• Exercise description
Retype the lines below exactly, but only those from the line that has "This Falabella tote" through the line that has "Elegantly designed and". Omit every picture.

• Material provided
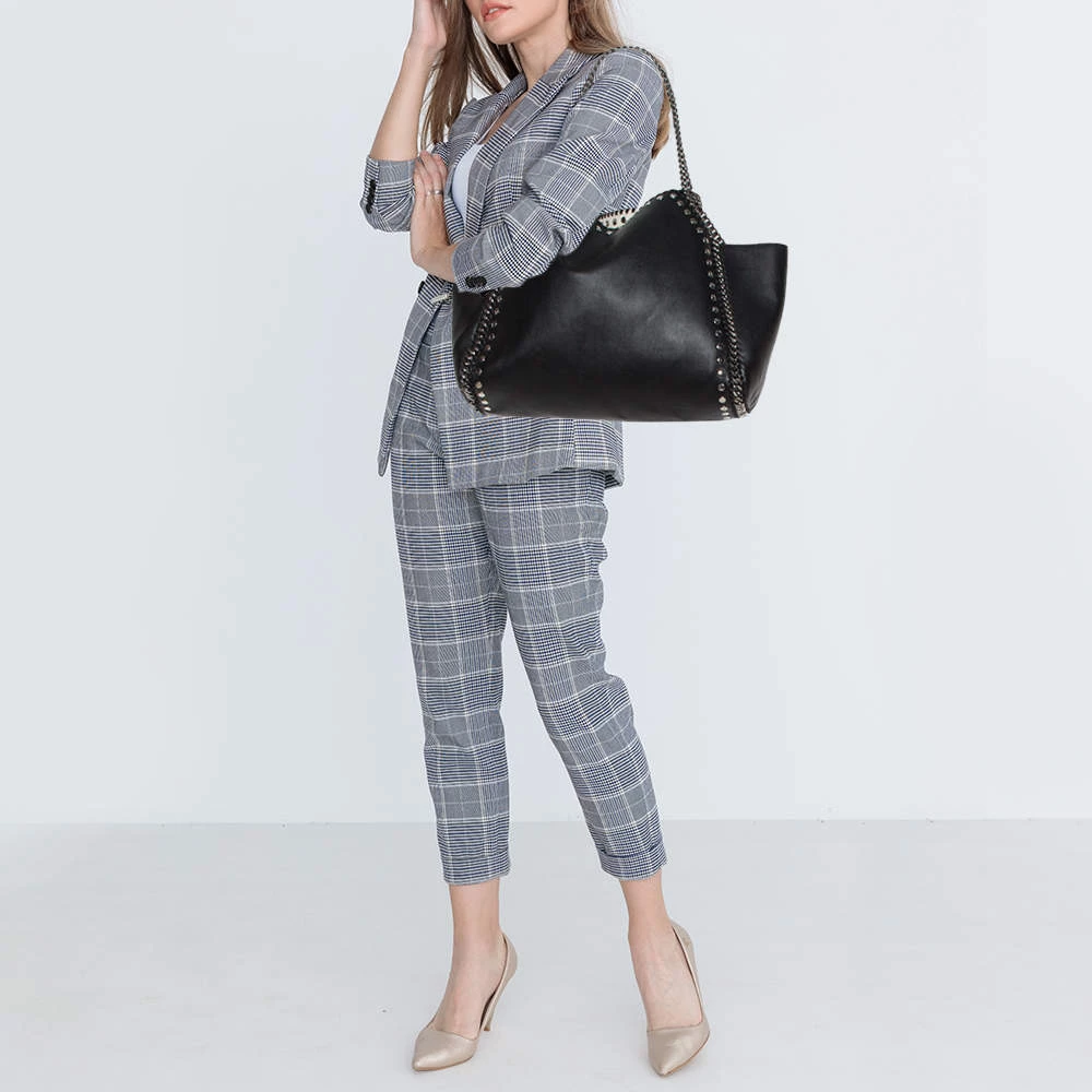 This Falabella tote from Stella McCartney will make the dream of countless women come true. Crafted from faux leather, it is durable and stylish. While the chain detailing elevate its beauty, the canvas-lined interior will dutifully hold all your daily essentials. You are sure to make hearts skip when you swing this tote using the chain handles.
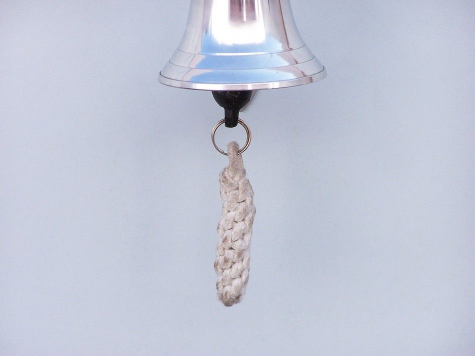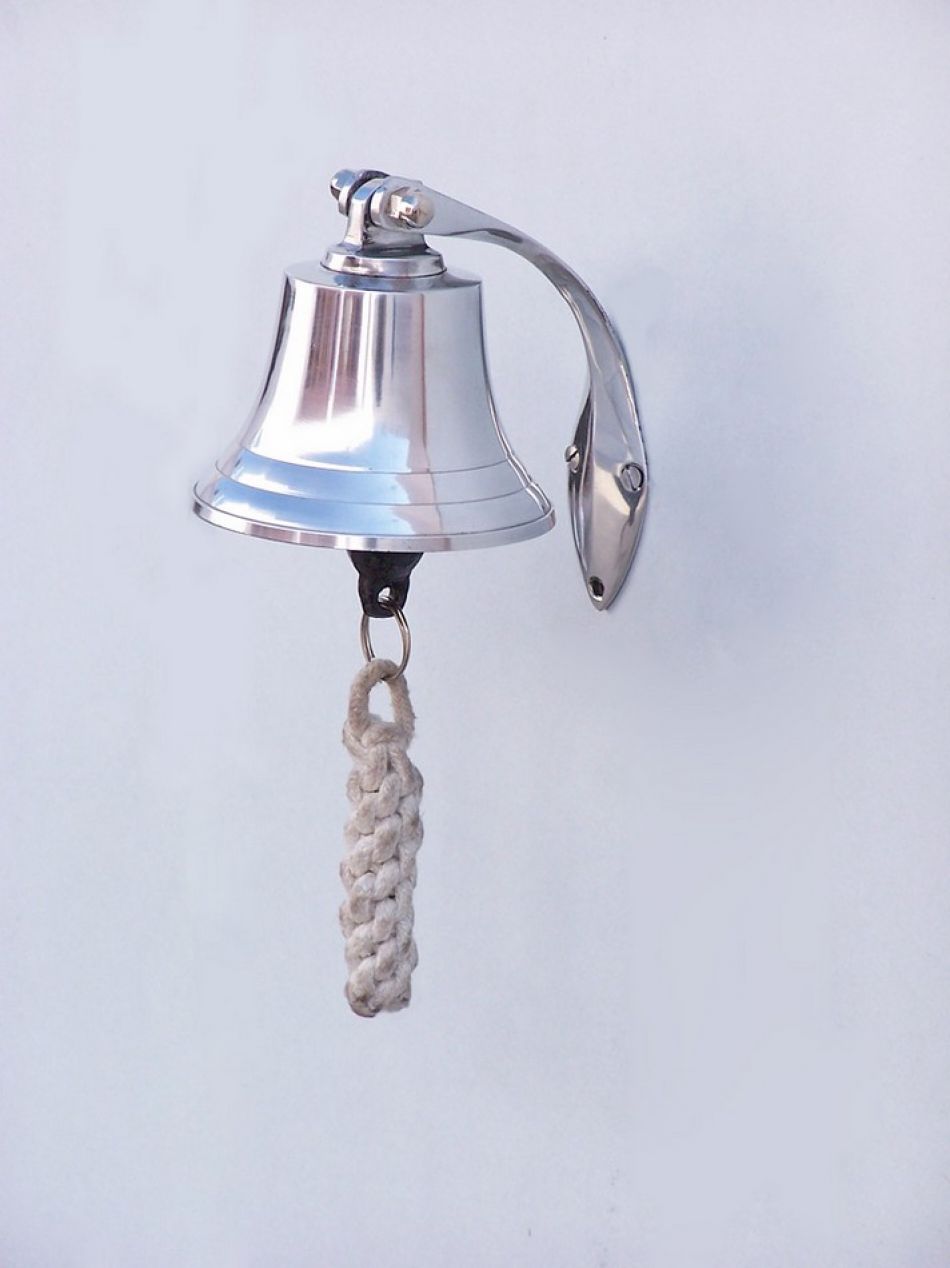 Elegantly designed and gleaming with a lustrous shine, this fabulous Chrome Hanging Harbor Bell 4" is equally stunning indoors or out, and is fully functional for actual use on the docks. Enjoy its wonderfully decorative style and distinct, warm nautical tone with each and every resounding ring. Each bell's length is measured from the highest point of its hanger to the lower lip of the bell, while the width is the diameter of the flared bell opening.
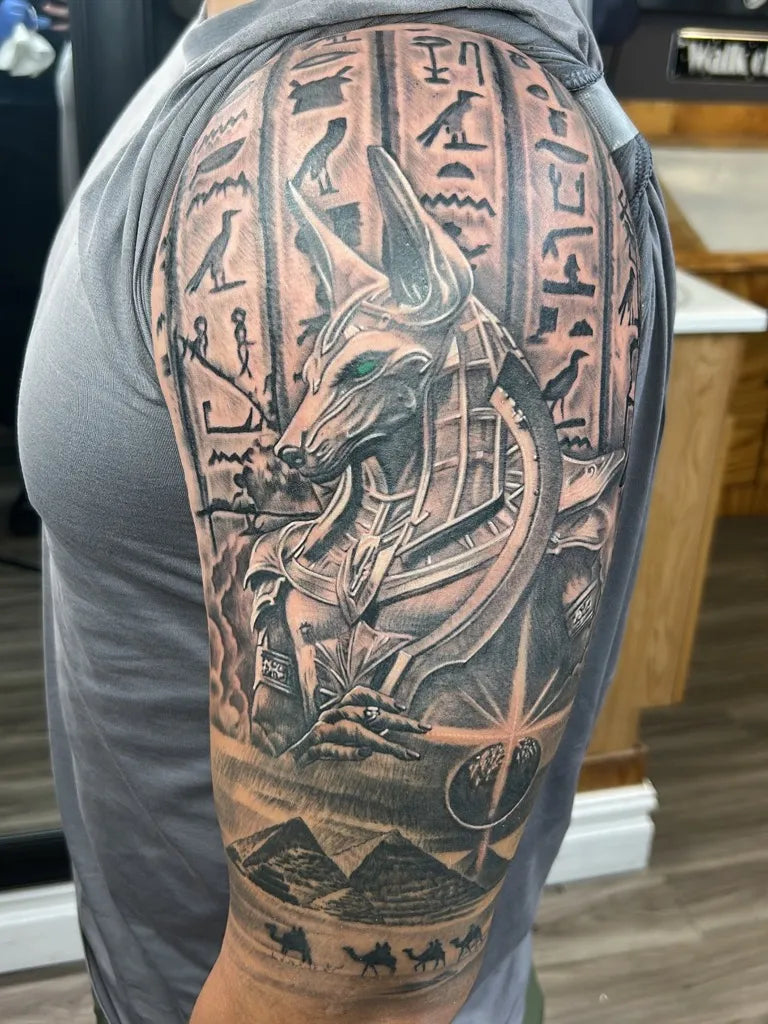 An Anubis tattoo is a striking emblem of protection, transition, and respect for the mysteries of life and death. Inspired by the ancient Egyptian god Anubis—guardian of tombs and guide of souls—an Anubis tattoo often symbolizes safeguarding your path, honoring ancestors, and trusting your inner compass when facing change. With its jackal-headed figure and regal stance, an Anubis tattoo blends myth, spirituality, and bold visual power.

==

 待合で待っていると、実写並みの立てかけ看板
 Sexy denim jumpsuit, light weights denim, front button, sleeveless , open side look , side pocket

• Finished task
 This Falabella tote from Stella McCartney will make the dream of countless women come true. Crafted from faux leather, it is durable and stylish. While the chain detailing elevate its beauty, the canvas-lined interior will dutifully hold all your daily essentials. You are sure to make hearts skip when you swing this tote using the chain handles.
 Elegantly designed and gleaming with a lustrous shine, this fabulous Chrome Hanging Harbor Bell 4" is equally stunning indoors or out, and is fully functional for actual use on the docks. Enjoy its wonderfully decorative style and distinct, warm nautical tone with each and every resounding ring. Each bell's length is measured from the highest point of its hanger to the lower lip of the bell, while the width is the diameter of the flared bell opening.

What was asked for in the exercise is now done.